Suppose that f(x) = (x + 1)(x − 1)^2.

In order to find the critical values we need to take the first derivative and set it equal to 0.

We have

ƒ(x) = (x+1)(x-1)²

ƒ(x) = (x+1)'∗(x-1)² + (x+1)∗((x-1)²)'

ƒ'(x) = (x-1)² + (x+1)∗2∗(x-1)

ƒ'(x) = x²-2x+1+2x²-2x+2x-2

ƒ'(x) = 3x²-2x-1

So now that we have the first derivative let's set it equal to 0.

We get

3x²-2x-1 = 0

I will be using the quadratic formula to solve for x.
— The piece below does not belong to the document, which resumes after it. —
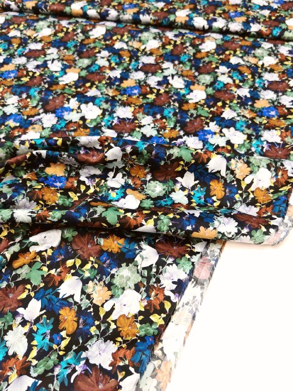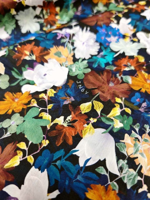 ХЛОПОК от GNBY пр. Италия Арт 6410 Шир 127 см 100% хлопок Плотность 77 гр/ м кв Цена 2350 рм Футуристические цветы на сине черном фоне.. Шикарное качество Для эффектной сорочки, блузы, платья. Качество премиальное
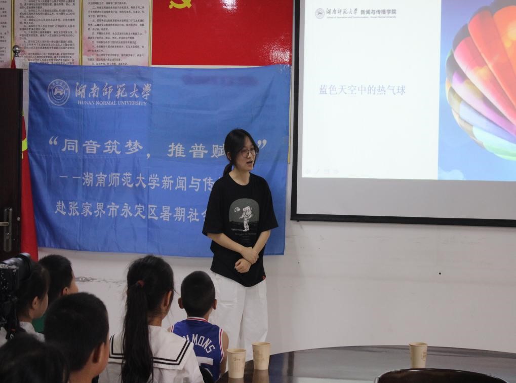 (通讯员 张君瑞 刘腾 徐喆璐 袁恬钰 葛嘉竹)2022年7月5日,我校太阳集团tyc151“同音筑梦,推普赋能”赴张家界市永定区社会实践团队到达张家界市永定区,于崇文街道宝塔岗社区开展第四次暑期实践活动——“趣味声乐与摄影课堂”。实践团队成员们利用自身专业优势,结合亲身制作原创歌曲与各类纪录片的经验,尝试为孩子们带来一节妙趣横生的活动课。

Remember that the Quadratic Formula is: x = (-b±√(b2-4ac))/2a

So,

x = (2±√(4+12))/6

x = (2±√(16))/6

x = (2±4)/6

x = (1±2)/3

x = 1, -1/3

Hence, are critical values are x = 1, -1/3.

Now to find the local extrema let's take the second derivative and perform the Second Derivative Test.

Recall ƒ'(x) = 3x²-2x-1.

So the second derivative would be,

ƒ''(x) = 6x-2.

Now we plug in the critical values and check wether they are less than or greater than 0.

Let's test x = 1,

f''(1) = 6(1)-2 = 6-2 = 4.

We know 4 > 0, so by the Second Derivative Test x = 1 is a local minima.

Now let's plug in x = -1/3,

f''(-1/3) = 6(-1/3) - 2 = -2 - 2 = -4

We know -4 < 0, so by the Second Derivative Test x = -1/3 is a local maxima.

So the final answers are,

Critical Values: x = 1, -1/3

Local Maxima: x = -1/3

Local Minima: x = 1

I hope this helps!